The Lannisters no-good ways in season 1 caused a lot of damage: They pushed the young Bran Stark out the window and he’s still paralyzed. The youngest Stark daughter disguises herself as a boy and escaped the royal house at Kings Landing. Jon Snow took a job on the lonely Night Watch. Speaking of — you would not think that there would be anything more horrific than the zombie-like creatures beyond the wall, but you would be wrong. The disgusting characters the Night Watch must camp with makes some Grimm Fairytale characters look tame.

Former Queen Cersei is drunk on power and shows no signs of changing. In a shoot-the-messenger moment when one of her advisors reveals to her a nasty rumor and declares, “knowledge is power,” just because she can — she orders his throat slit then changes her mind, declaring “no, power is power.”

Even the clever dwarf Tyrion (who steals nearly every scene) seems to be just angling for position. He has his companion hidden away at King’s Landing and is now serving as “Hand of the King” per his father, something that drives Cersei bonkers. The tension builds until she slaps Joffrey who, like a true Lannister, reminds her that this act is punishable by death and she should watch her step.
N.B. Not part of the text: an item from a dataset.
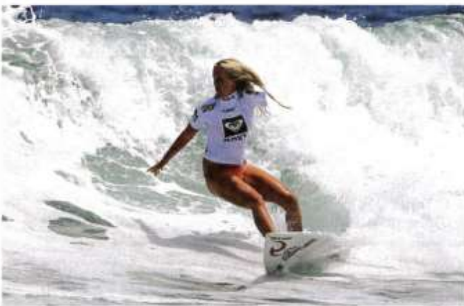
Hamilton was attacked by a tiger shark when she was thirteen.

Ah, family!

The Starks deal with the hand dealt to them in the way that most honorable (read: normal and not insane) people do: They make the best of it. Despite having been catapulted out a window at the hand of queen and brother-lover Lannisters last season and rendered paralyzed — Bran dutifully carries out his tasks as the new young Lord of Winterfell, ever loyal to his brothers. His witch-nanny wonders about his dreams of wolves. Bran wonders about the red comet in the sky, blazing across the entire realm and what it signifies for Westeros. His witch-nanny proclaims that it means one thing and one thing only: “dragons.”

Robb Stark is waging war and wants to align with anyone and everyone he can to storm Kings Landing and take down the evil Lannisters. He’s declared himself King of the North and wouldn’t mind if it stayed that way. The Starks are incredibly likeable. Yet there’s a depth to them not seen even in some comic book superheroes. When Robb tells his mother of Stannis, a true Baratheon, who is also making claims to the throne, she pointedly remarks that there is “a king in every corner.”
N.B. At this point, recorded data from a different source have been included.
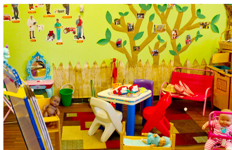
On-site day care
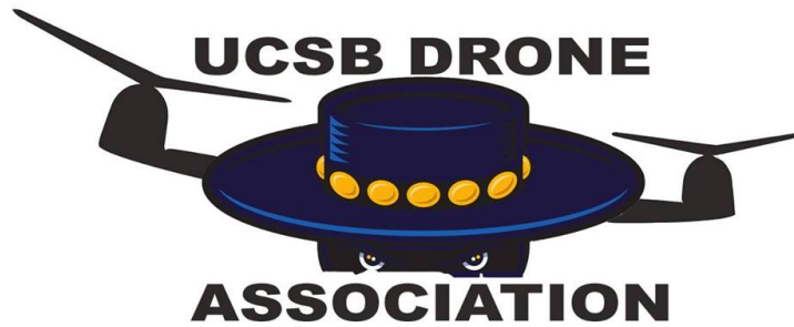
Figure 12.1: UC Santa Barbara Drone Association
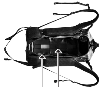
Waterproof hydration tube port (tube not included)
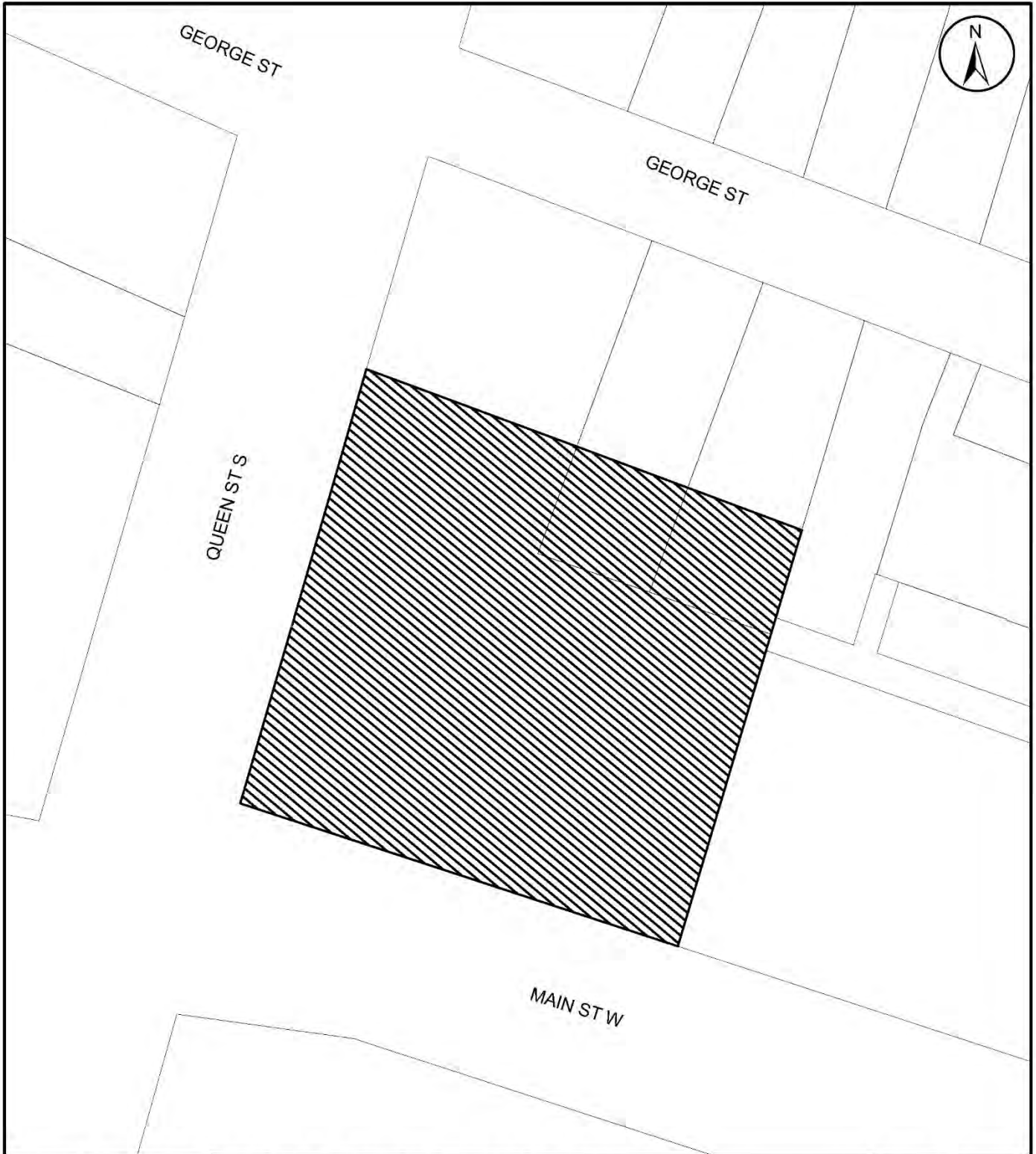
Figure 3 Schedule B: 220 and 222 Main Street West, 115 and 117 George Street and the south portion of 107 and 109 George Street

Stannis rounds out the introduction of a new house laying claim to the throne. The heart of this one is a red-headed Fire Priestess named Melisandre (try saying that three times fast). Stannis sends out the ancient equivalent of a tweet with some juicy gossip: He sends scrolls to every corner of the kingdom dropping the bombshell about Joffrey — he is not a Baratheon, born of the king, but is in fact a Lannister, born of the queen and her brother-lover and hence, has no real claim to the throne. Stannis hopes this gossip-meme will help pave his way to the iron chair.

Right now, Thrones is in safe territory: clever and enjoyable. It walks a fine line, like many of its characters, and if not careful can fall off the edge into an abyss of indifference (or worse — outright rejection, as a few have noted online). If it’s too over-the-top it becomes a macabre exercise and loses its mythical/fantasy element. I, for one, want to enjoy the battles, both internal and external, family-political and the fight for the throne but not in a way that repulses or jumps the shark. In essence, we have to root for someone in this world and hope that they, somehow, some way, can right its wrongs.